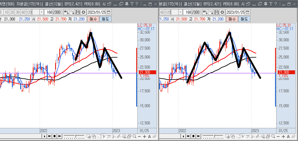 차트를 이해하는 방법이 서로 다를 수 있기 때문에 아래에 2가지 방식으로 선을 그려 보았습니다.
◆ ◆ ◆ ◆ ◆ ◆ ◆
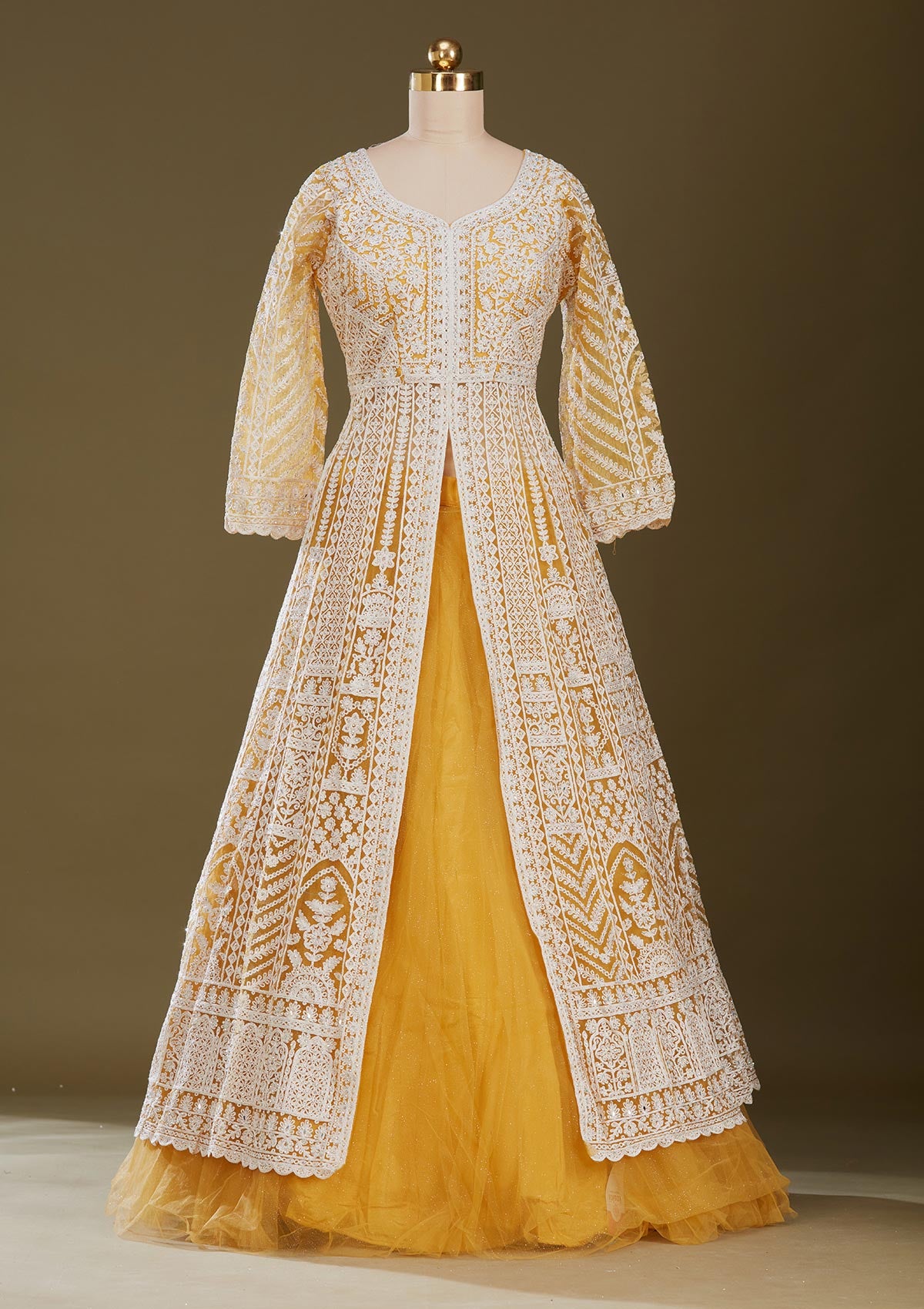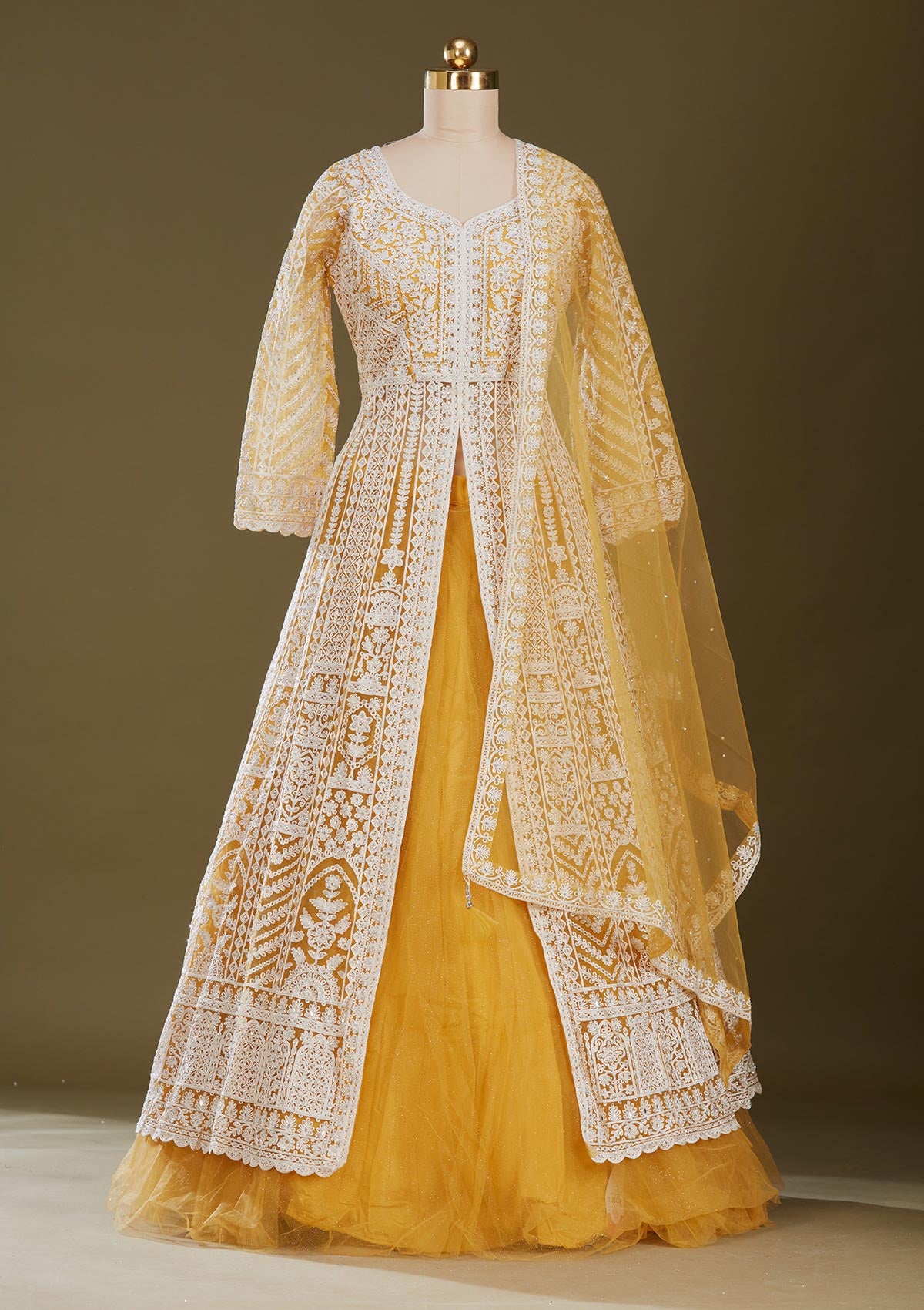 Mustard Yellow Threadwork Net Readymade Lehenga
◆ ◆ ◆ ◆ ◆ ◆ ◆
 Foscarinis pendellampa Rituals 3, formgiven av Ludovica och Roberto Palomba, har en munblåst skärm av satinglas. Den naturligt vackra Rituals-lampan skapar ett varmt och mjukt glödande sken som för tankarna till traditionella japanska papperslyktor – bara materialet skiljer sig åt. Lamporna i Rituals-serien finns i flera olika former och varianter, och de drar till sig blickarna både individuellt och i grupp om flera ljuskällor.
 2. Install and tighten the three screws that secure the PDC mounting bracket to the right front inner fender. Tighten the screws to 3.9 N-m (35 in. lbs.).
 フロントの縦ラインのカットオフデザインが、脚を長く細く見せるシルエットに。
◆ ◆ ◆ ◆ ◆ ◆ ◆
Both the line containing "2. Install and" and the line containing "フロントの縦ラインのカットオフデザインが、脚を長く細く見せるシルエットに。" belong in the answer. Print them and every line above that falls between them exactly, and no others.

 2. Install and tighten the three screws that secure the PDC mounting bracket to the right front inner fender. Tighten the screws to 3.9 N-m (35 in. lbs.).
 フロントの縦ラインのカットオフデザインが、脚を長く細く見せるシルエットに。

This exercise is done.